IF 2.6 3区 医学 Q1 NURSING Pub Date : 2024-08-31 DOI: 10.1016/j.midw.2024.104168
Elidh Parslow , Hannah Rayment-Jones

Problem

There is a limited knowledge base available to midwives, obstetricians and women planning vaginal birth after caesarean (VBAC), impeding their ability to make informed choices regarding planned place of birth.

Background

A VBAC is associated with fewer complications for both mother and baby, but little is known on the safety and success of planning a VBAC in midwifery led settings such as birth centres and home birth, compared to obstetric led settings.

Aim

To synthesise the findings of published studies regarding maternal and neonatal outcomes with planned VBAC in midwifery setting compared to obstetric units.

Methods

PubMed, EMBASE, CINAHL complete, Maternity and Infant Care, PsycINFO, and Science Citation Index databases were systematically searched on 16/08/2022 for all quantitative research on the outcomes for women planning VBAC in midwifery led settings compared to obstetric led settings in high income countries. Included studies were quality assessed using the CASP Checklist. Binary outcomes are incorporated into pairwise meta-analyses, effect sizes reported as risk ratios with 95 % confidence intervals. A τ² estimate of between-study variance was performed for each binary outcome analysis. Other, more heterogeneous outcomes are narratively reported.

Findings

Two high-quality studies, out of 420 articles, were included. VBAC planned in a midwifery-led setting was associated with a statistically significant increase in unassisted vaginal birth (RR=1.42 95 % CI 1.37 to 1.48) and decrease in emergency caesarean section (RR= 0.46 95 % CI 0.39 to 0.56) and instrumental birth (RR= 0.33 95 % CI 0.23 to 0.47) compared with planned VBAC in an obstetric setting. There were no significant differences in uterine rupture (RR= 1.03 95 % CI 0.52 to 2.07), admission to special care nursery (RR= 0.71 95 % CI 0.47 to 1.23) or Apgar score of 7 or less at 5 min (RR= 1.16 95 % CI 0.66 to 2.03).

Conclusion

Planning VBAC in midwifery led settings is associated with increased vaginal birth and a reduction in interventions such as instrumental birth and caesarean section. Adverse perinatal outcomes are rare, and further research is required to draw conclusions on these risks.

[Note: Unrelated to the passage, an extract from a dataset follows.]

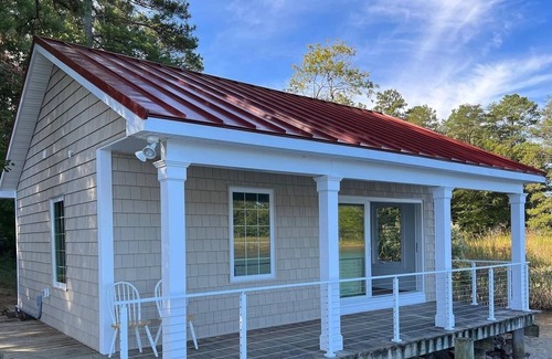 it was recently completely renovated from top to bottom Sit on the dock and admire views of the creek or step just inside the massive 3 pane glass door and do the same.
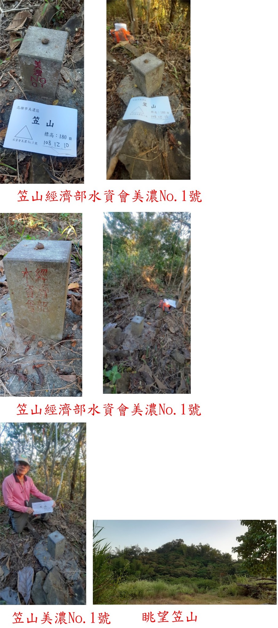 5、笠山:位在高雄市美濃區,標高180公尺,經濟部水資會美濃No.1號基石;座標206603 2537250。

问题:助产士、产科医生和计划剖腹产后经阴道分娩(VBAC)的妇女所掌握的知识有限,这妨碍了她们对计划分娩地点做出明智选择的能力:VBAC对母亲和婴儿的并发症都较少,但与产科相比,助产士主导的分娩中心和家庭分娩等环境下计划VBAC的安全性和成功率却鲜为人知。目的:综合已发表的关于助产士与产科相比计划VBAC的产妇和新生儿结局的研究结果:方法:于 2022 年 8 月 16 日在 PubMed、EMBASE、CINAHL complete、Maternity and Infant Care、PsycINFO 和 Science Citation Index 数据库中系统检索了所有关于高收入国家助产机构与产科机构中计划 VBAC 的产妇预后的定量研究。采用 CASP 检查表对纳入的研究进行了质量评估。二元结果被纳入成对荟萃分析,效应大小以风险比和 95 % 置信区间报告。对每项二元结果分析都进行了研究间方差τ²估计。其他更多的异质性结果以叙述的方式进行了报告:在 420 篇文章中,共纳入了两项高质量的研究。与在产科环境中计划 VBAC 相比,在助产士主导的环境中计划 VBAC 与无助产阴道分娩(RR=1.42 95 % CI 1.37 至 1.48)显著增加、紧急剖腹产(RR=0.46 95 % CI 0.39 至 0.56)和器械助产(RR=0.33 95 % CI 0.23 至 0.47)显著减少有关。在子宫破裂(RR= 1.03 95 % CI 0.52 至 2.07)、入住特殊护理育婴室(RR= 0.71 95 % CI 0.47 至 1.23)或 5 分钟内阿普加评分 7 分或以下(RR= 1.16 95 % CI 0.66 至 2.03)方面没有明显差异:在助产士主导的情况下,计划 VBAC 与增加阴道分娩以及减少器械助产和剖腹产等干预措施有关。不利的围产期结果并不多见,需要进一步研究才能就这些风险得出结论。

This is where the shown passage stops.